DESCRIPTION OF THE TASK:
Directions for the data below: repeat exactly the lines from the one with "The full 2022-23" through the one with "的重要煤源保障,這座東西長約 9.54 公里、南北寬約", both included, and omit all pictures.

DATA SUPPLIED:
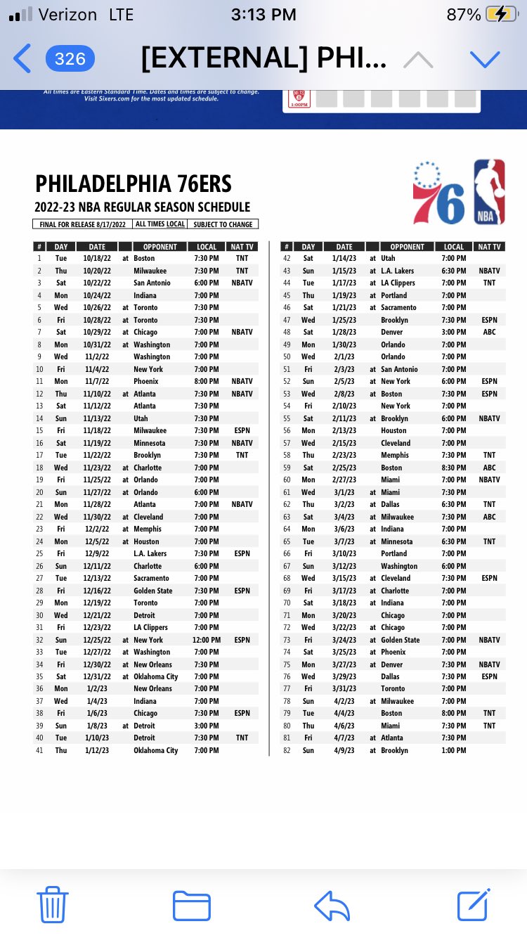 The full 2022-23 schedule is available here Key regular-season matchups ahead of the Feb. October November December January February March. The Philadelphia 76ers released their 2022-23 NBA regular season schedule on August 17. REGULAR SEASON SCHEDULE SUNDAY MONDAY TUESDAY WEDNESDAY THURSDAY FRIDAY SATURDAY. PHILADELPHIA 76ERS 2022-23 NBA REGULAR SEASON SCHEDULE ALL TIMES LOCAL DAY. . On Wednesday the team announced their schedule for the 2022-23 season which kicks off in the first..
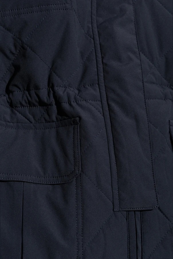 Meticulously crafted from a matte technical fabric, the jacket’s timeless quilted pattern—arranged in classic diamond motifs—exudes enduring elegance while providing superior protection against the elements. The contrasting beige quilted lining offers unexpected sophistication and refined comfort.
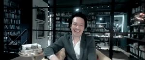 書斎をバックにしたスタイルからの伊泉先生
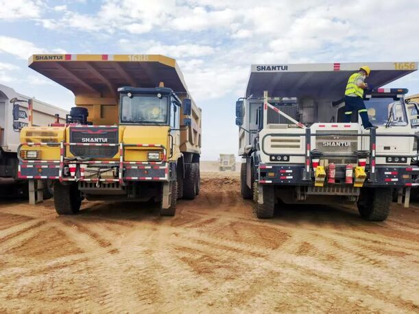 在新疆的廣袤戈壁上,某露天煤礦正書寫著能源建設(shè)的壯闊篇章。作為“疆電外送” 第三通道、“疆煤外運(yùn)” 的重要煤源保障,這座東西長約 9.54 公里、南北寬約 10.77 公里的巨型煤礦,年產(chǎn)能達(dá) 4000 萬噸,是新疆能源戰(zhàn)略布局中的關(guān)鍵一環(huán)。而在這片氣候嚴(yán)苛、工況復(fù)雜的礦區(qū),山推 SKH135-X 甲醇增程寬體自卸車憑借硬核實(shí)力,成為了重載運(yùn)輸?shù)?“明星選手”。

---

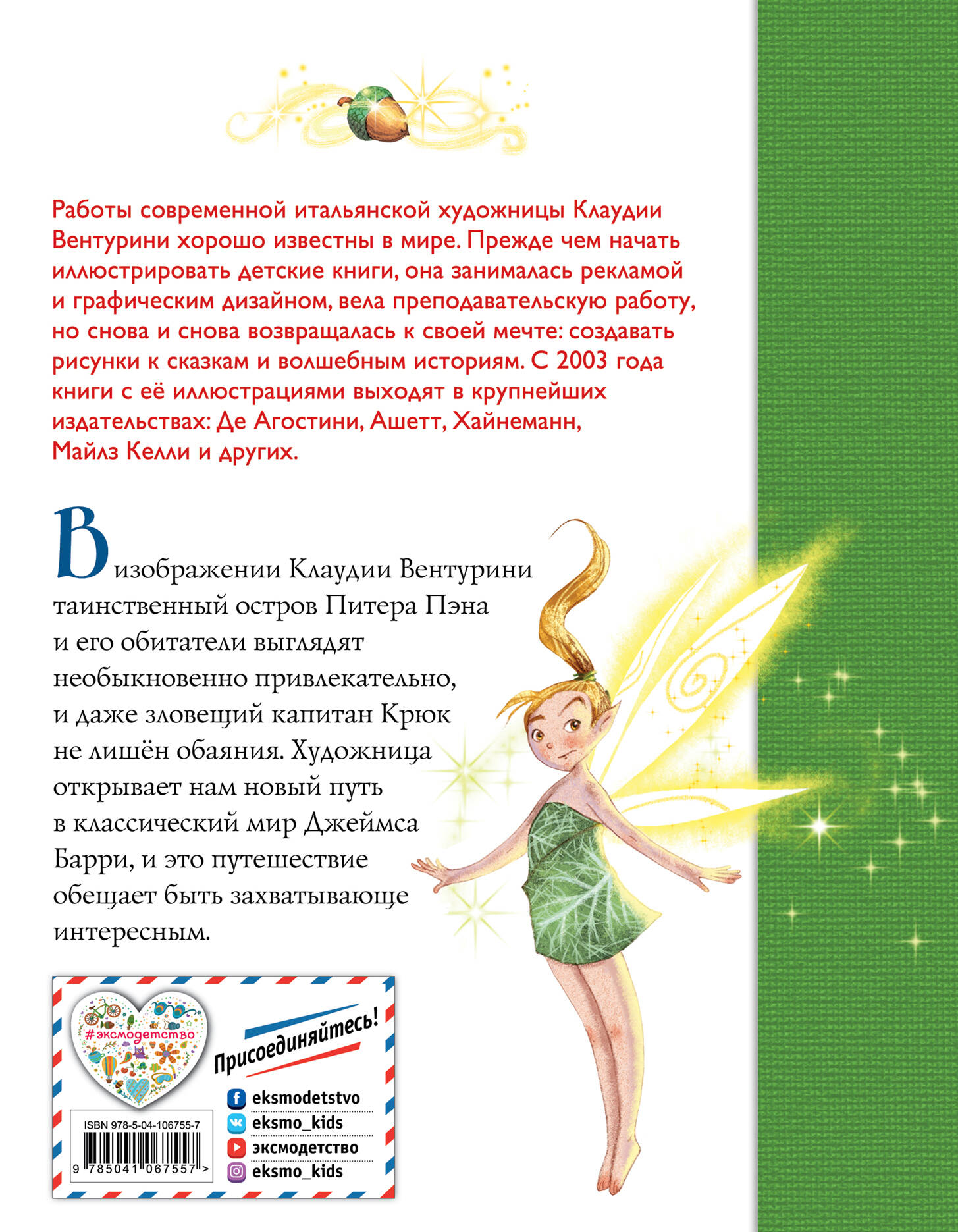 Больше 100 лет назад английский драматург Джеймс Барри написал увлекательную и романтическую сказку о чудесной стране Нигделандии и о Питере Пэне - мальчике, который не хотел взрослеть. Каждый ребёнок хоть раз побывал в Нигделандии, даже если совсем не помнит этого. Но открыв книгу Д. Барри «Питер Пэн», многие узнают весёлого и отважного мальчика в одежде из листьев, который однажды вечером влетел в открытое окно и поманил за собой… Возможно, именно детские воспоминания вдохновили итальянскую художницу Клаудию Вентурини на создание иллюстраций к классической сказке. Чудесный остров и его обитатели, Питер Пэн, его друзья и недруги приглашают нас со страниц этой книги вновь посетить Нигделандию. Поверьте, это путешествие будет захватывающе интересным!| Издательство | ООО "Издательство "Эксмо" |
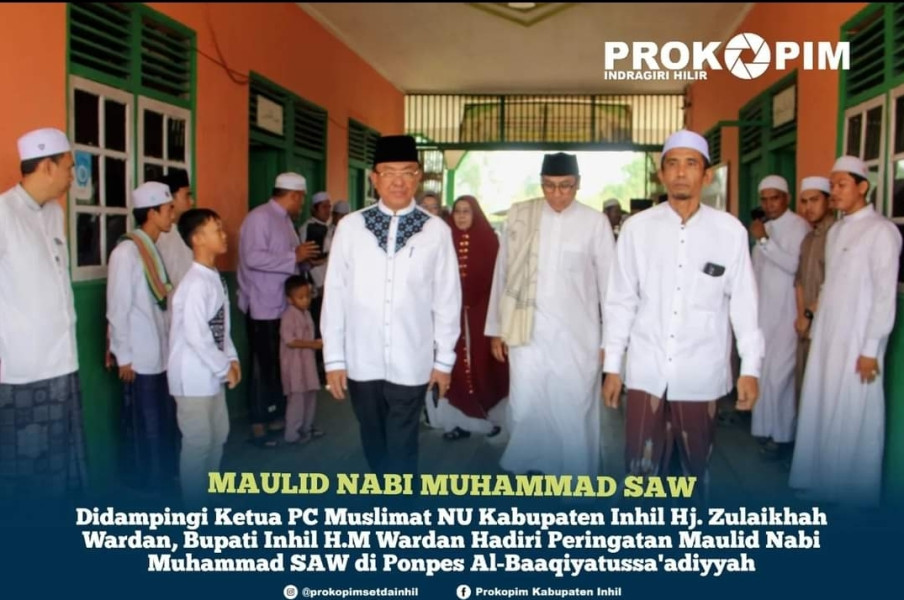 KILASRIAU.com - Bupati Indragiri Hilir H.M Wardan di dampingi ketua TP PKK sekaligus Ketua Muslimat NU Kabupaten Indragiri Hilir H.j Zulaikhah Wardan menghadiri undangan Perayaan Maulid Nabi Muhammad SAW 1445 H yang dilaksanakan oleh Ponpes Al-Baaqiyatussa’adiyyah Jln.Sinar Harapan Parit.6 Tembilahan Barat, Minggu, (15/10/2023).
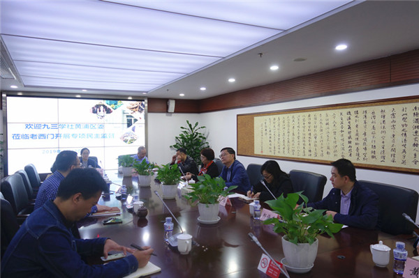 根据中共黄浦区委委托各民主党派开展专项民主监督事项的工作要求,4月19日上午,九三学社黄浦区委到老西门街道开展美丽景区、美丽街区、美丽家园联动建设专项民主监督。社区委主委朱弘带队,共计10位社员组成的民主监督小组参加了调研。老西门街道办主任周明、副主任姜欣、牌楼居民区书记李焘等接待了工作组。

RESPONSE TO THE EXERCISE:
 The full 2022-23 schedule is available here Key regular-season matchups ahead of the Feb. October November December January February March. The Philadelphia 76ers released their 2022-23 NBA regular season schedule on August 17. REGULAR SEASON SCHEDULE SUNDAY MONDAY TUESDAY WEDNESDAY THURSDAY FRIDAY SATURDAY. PHILADELPHIA 76ERS 2022-23 NBA REGULAR SEASON SCHEDULE ALL TIMES LOCAL DAY. . On Wednesday the team announced their schedule for the 2022-23 season which kicks off in the first..
 Meticulously crafted from a matte technical fabric, the jacket’s timeless quilted pattern—arranged in classic diamond motifs—exudes enduring elegance while providing superior protection against the elements. The contrasting beige quilted lining offers unexpected sophistication and refined comfort.
 書斎をバックにしたスタイルからの伊泉先生
 在新疆的廣袤戈壁上,某露天煤礦正書寫著能源建設(shè)的壯闊篇章。作為“疆電外送” 第三通道、“疆煤外運(yùn)” 的重要煤源保障,這座東西長約 9.54 公里、南北寬約 10.77 公里的巨型煤礦,年產(chǎn)能達(dá) 4000 萬噸,是新疆能源戰(zhàn)略布局中的關(guān)鍵一環(huán)。而在這片氣候嚴(yán)苛、工況復(fù)雜的礦區(qū),山推 SKH135-X 甲醇增程寬體自卸車憑借硬核實(shí)力,成為了重載運(yùn)輸?shù)?“明星選手”。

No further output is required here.